In another preferred embodiment the anti-cancer agent in this aspect may a compound which is selected from an anti-leukemic agent, and preferably is an ILK-inhibitor as mentioned below, nilotinib, dasatinib, ponatinib or imatinib or the allosteric Abl001 inhibitor. The allosteric ABL001 inhibitor and its derivatives is disclosed in Wylie A A et al., “The allosteric inhibitor ABL001 enables dual targeting of BCR-ABL1”. Nature. 2017 Mar. 30; 543(7647):733-737, incorporated herein by reference (in particular the structural information therein regarding the ABL001 inhibitor is incorporated by reference)

In some preferred embodiments of the invention the least one anti-cancer agent is a kinase inhibitor, preferably a tyrosine kinase inhibitor such as an inhibitor of Platelet-derived growth factor receptor (PDGFR), c-Abl and/or Src kinase inhibitors.

Yet further preferable is that the tyrosine kinase inhibitor for use in the combinatorial treatments of the invention is imatinib or nilotinib, or derivatives and/or salts thereof, such as the methanesulfonate salt of imatinib (also known as Gleevec®). Imatinib mesylate is chemically 4-[(4-Methyl 1-piperazinyl)methyl]-N-[4-methyl-3-[[4-(3-pyridinyl)-2-pyrimidinyl]amino]-phenyl]benzamide methanesulfonate and is used to treat chronic myelogenous leukemia (CML), gastrointestinal stromal tumors (GISTs) and other cancers.

The term “nilotinib” as used herein includes nilotinib in the form of free base, a pharmaceutically acceptable salt thereof, amorphous nilotinib, crystalline nilotinib or any isomer, derivative, hydrate, solvate, or prodrug or combinations thereof “Salts” or “pharmaceutically acceptable salt(s)”, as used herein, include but are not limited to inorganic or organic salts, hydrates and solvates of nilotinib known to persons skilled in the art.

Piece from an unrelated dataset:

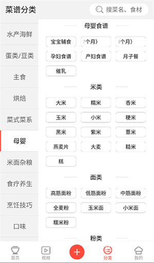 2、分类功能就很贴心了,对于不同的群体有不同的分类,各种养生、食疗、母婴菜品等都为用户分好了类,什么菜不能吃,什么能吃都在分类中能知道

The subject to be treated with the fibronectin in accordance with the present invention is preferably a subject suffering from a leukemic disorder. Preferably such a subject is a naïve patient who did not receive any treatment. Alternatively preferred is that the subject in need of the treatment of the invention is a subject that already underwent a treatment, such as a treatment with a tyrosine kinase inhibitor, e.g. imatinib. In some embodiments the subject is a refractory subject, hence, a subject who underwent a treatment with for example imatinib, and the treatment was successful but after the treatment experienced a relapse. Most preferably the subject to be treated in context of the invention is a patient who suffers from an imatinib resistant form of leukemia.

In a further aspect of the present invention here is provided a combination comprising (a) fibronectin, or a functional variant thereof, as well as salts, solvates and/or derivatives thereof, and (b) Bcr-Abl1-inhibitor, the latter being preferably selected from imatinib and nilotinib as defined herein above.

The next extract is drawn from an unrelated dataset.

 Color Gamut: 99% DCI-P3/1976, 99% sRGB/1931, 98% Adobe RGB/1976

The combination of the invention is some embodiments preferably is for use in the treatment of leukemia, as described herein above.

Yet another aspect of the invention then pertains to a pharmaceutical composition comprising fibronectin, or a functional variant thereof, as well as salts, solvates and/or derivatives thereof, and a pharmaceutically acceptable carrier, stabilizer and/or excipient. The pharmaceutical composition of the invention is preferably for the above described medical uses, in particular for use in the treatment of leukemia.

Pharmaceutical compositions comprising the fibronectin compounds of the invention are administered to a subject in need thereof by any number of routes including, but not limited to, topical, oral, intravenous, intramuscular, intra-arterial, intramedullary, intrathecal, intraventricular, transdermal, subcutaneous, intraperitoneal, intranasal, enteral, topical, sublingual, or rectal means.

In accordance with one embodiment, a method of treating a subject in need of such treatment is provided. The method comprises administering a pharmaceutical composition comprising a fibronectin of the present invention to a subject in need thereof.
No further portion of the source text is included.